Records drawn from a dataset

━━━━━━━━━━━━━━━━━━━━

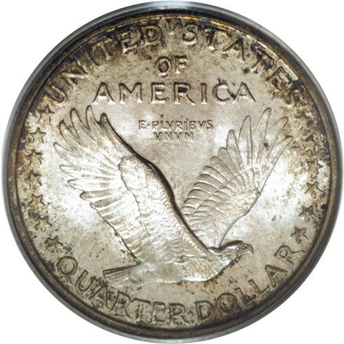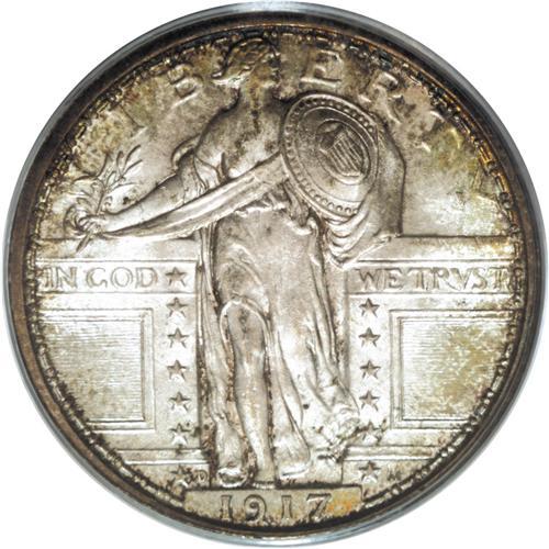 <B>1917-D 25C Type One MS66 Full Head PCGS.</B></I> Lovely peripheral russet and yellow-green patina frames the lighter lilac centers. A touch of weakness on the shield is absent elsewhere, and the head is exquisitely detailed on this highly lustrous and minimally marked coin. The 1917-D Type One is the lowest-mintage of the six 1917 Standing Liberty quarter issues. Certified in a green-label holder.<BR><BR><b>Shipping:</b> Coins & Currency (<a target="_blank" href="http://www.heritageauctions.com/common/shipping.php">view shipping information</a>)
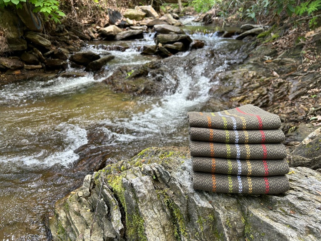 It was also nice to take these towels back to the creek and photograph them as we watch our little part of Western North Carolina heal from last year’s hurricane. The bare dirt is filling in with green, plants are returning, the birds are singing, and flowers are blooming left and right. It’s such a privilege to watch nature heal itself in my own back yard. The flowers in these towels, for me, will always be intrinsically tied to that feeling. A feeling of repair and rebirth.
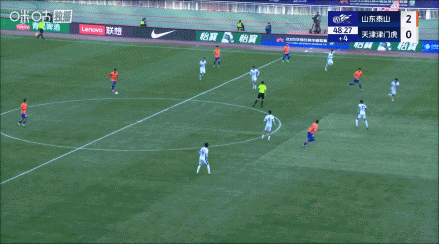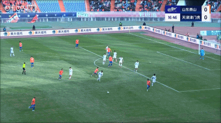 上半场补时4分钟,第48分钟,泽卡前场接长传球半单刀机会抽射被闫炳良扑出。↓
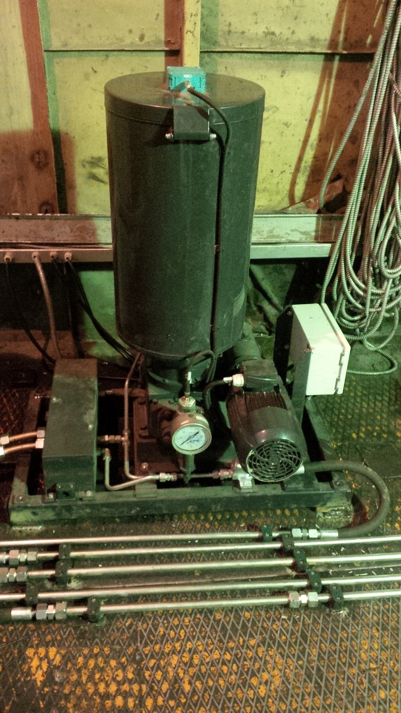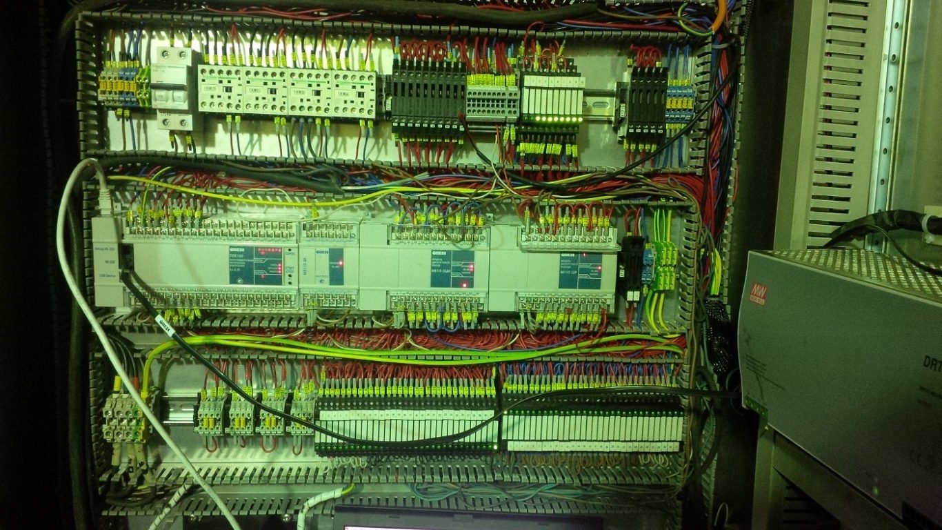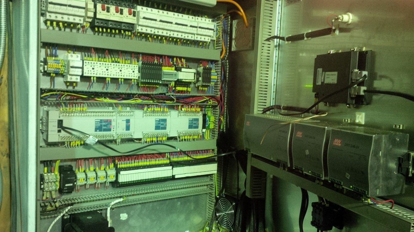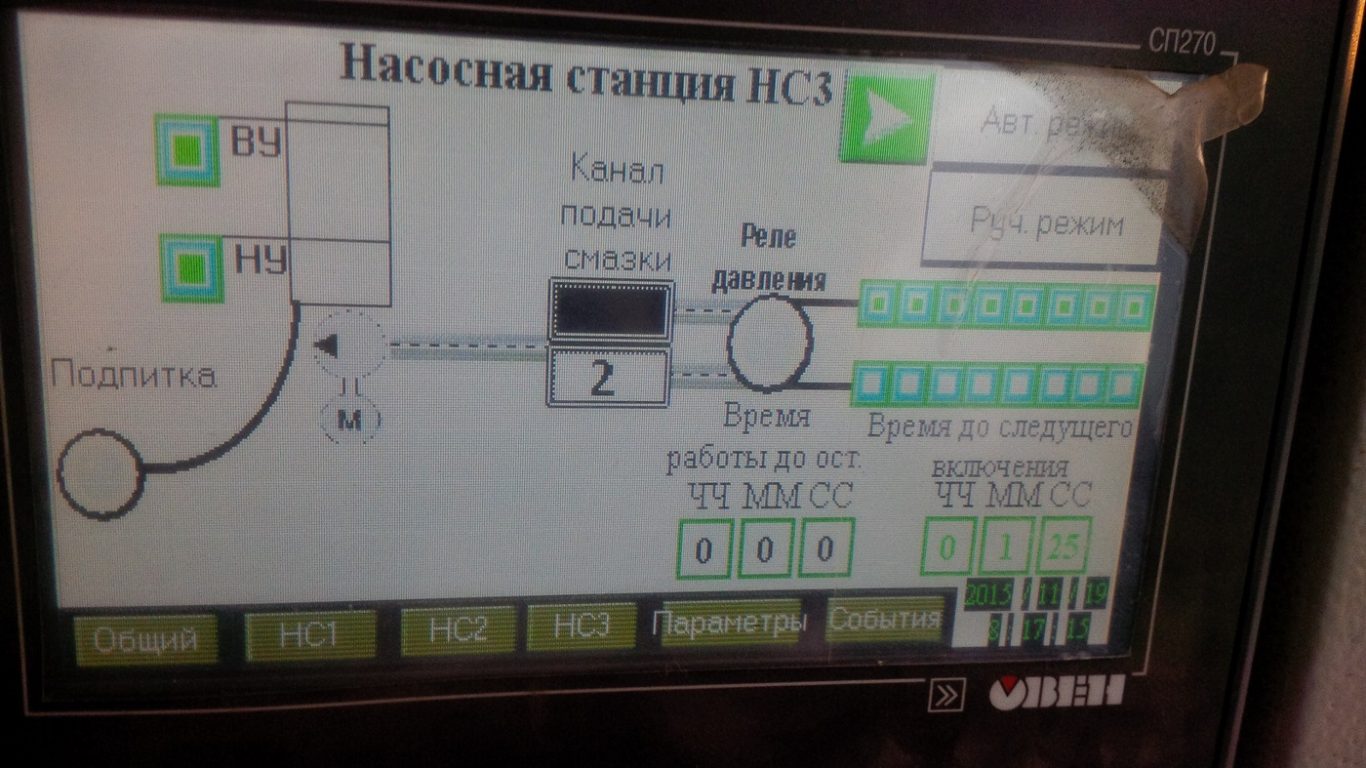 Шкаф управления построен на базе оборудования ОВЕН: программируемого логического контроллера ПЛК160, модуля дискретного ввода МВ110-32ДН, модуля аналогового ввода МВ110-8А, модуля дискретного вывода МУ110-32Р и сенсорной панели оператора СП270. ШУ системой смазки в автоматическом режиме в заданные промежутки времени включает насосные станции и отключает их по достижению необходимого давления в подающей магистрали. Вторая панель оператора находится в кабине машиниста. В ручном режиме управление осуществляется либо с панели в кабине машиниста, либо с панели на шкафу. Обе панели оператора одновременно работают с одним контроллером ОВЕН ПЛК160.
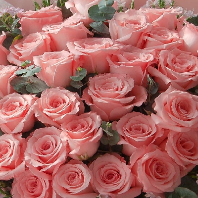 【材料】:戴安娜玫瑰33枝、粉色美女樱10枝、尤加利10枝。
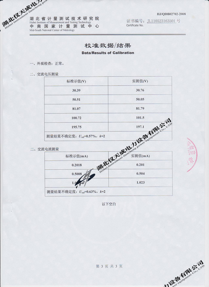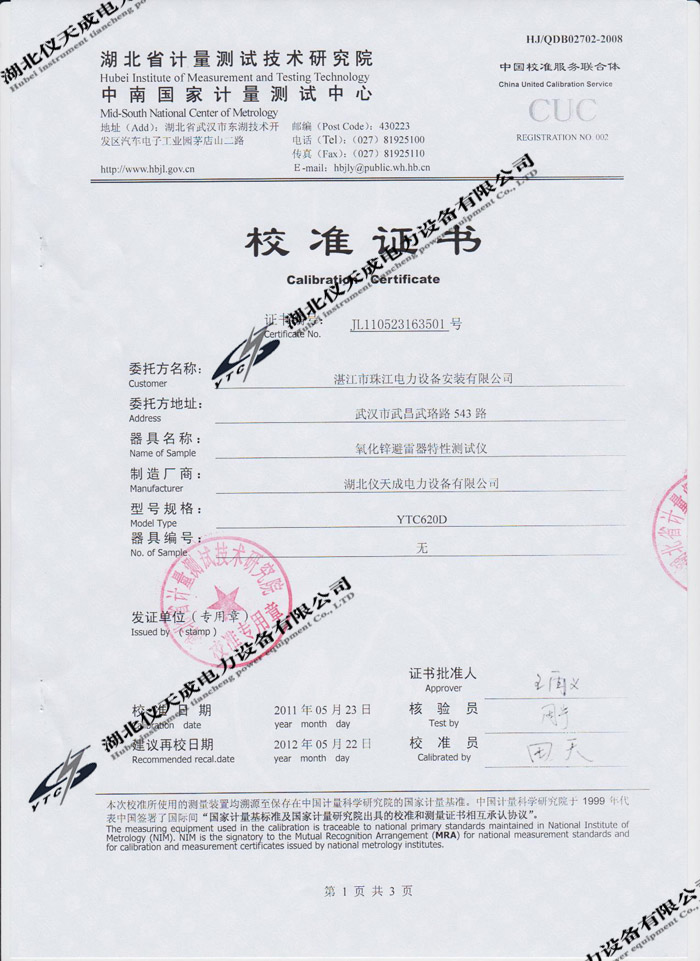 轉(zhuǎn)載:"YTC620D氧化鋅避雷器特性測(cè)試儀的資質(zhì)證書(shū)" 請(qǐng)注明來(lái)源于儀天成電力。 更多技術(shù)問(wèn)題請(qǐng)致電儀天成電力客戶(hù)服務(wù):027-87876585,技術(shù)部專(zhuān)線:027-87876585,在線客服:719388481
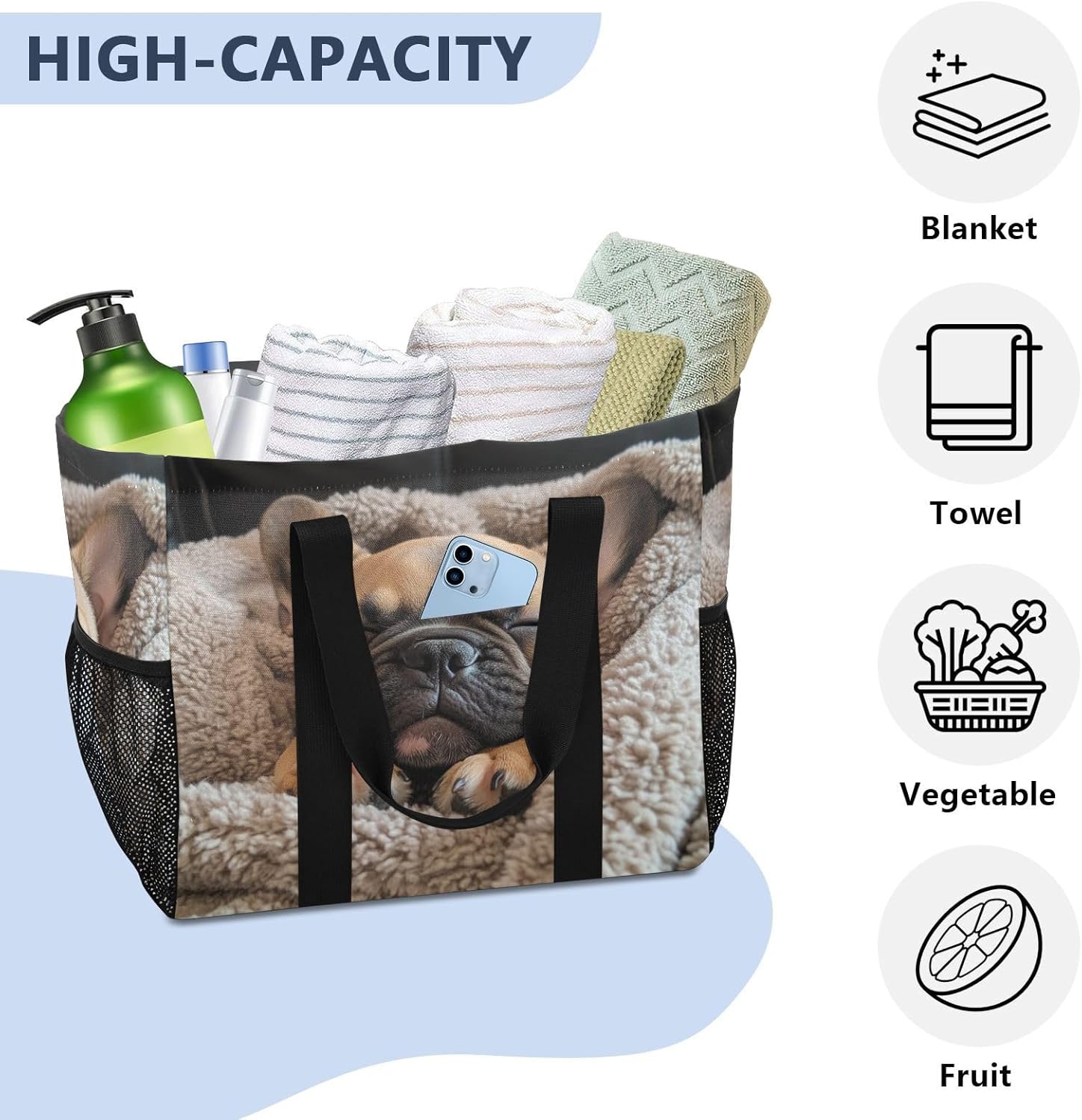 ALAZA Merry Christmas Cute French Bulldog Bone Christmas Hat Waterproof Beach Tote Bags
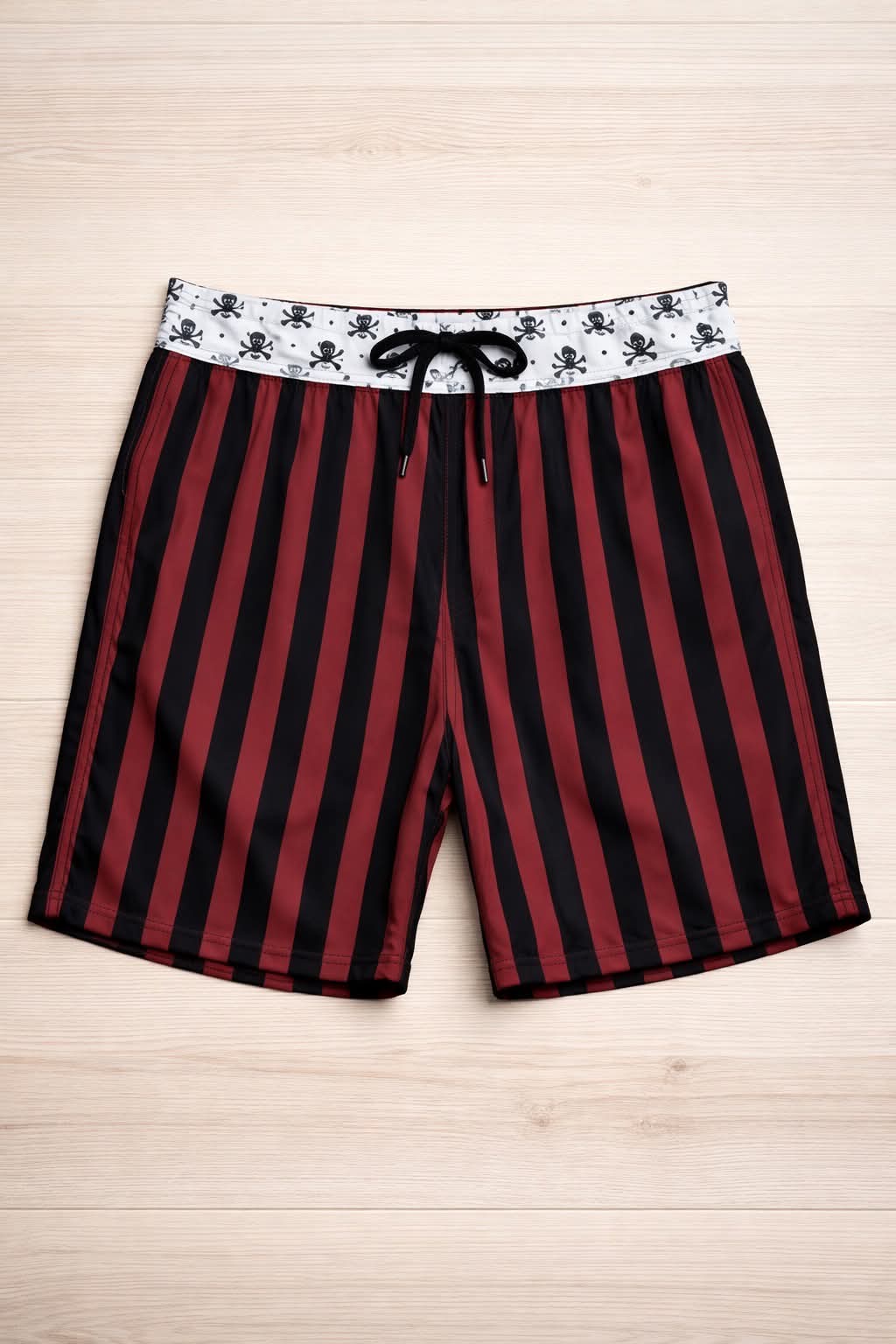 The Crimson Captain Boys Swim Trunks are a classic, pirate-inspired staple designed for comfort, movement, and everyday water adventures.

━━━━━━━━━━━━━━━━━━━━

Task item
No pictures belong in the output. It should reproduce exactly the lines from the one containing "ALAZA Merry Christmas" through the end of the data, both ends included.

Exercise answer
 ALAZA Merry Christmas Cute French Bulldog Bone Christmas Hat Waterproof Beach Tote Bags
 The Crimson Captain Boys Swim Trunks are a classic, pirate-inspired staple designed for comfort, movement, and everyday water adventures.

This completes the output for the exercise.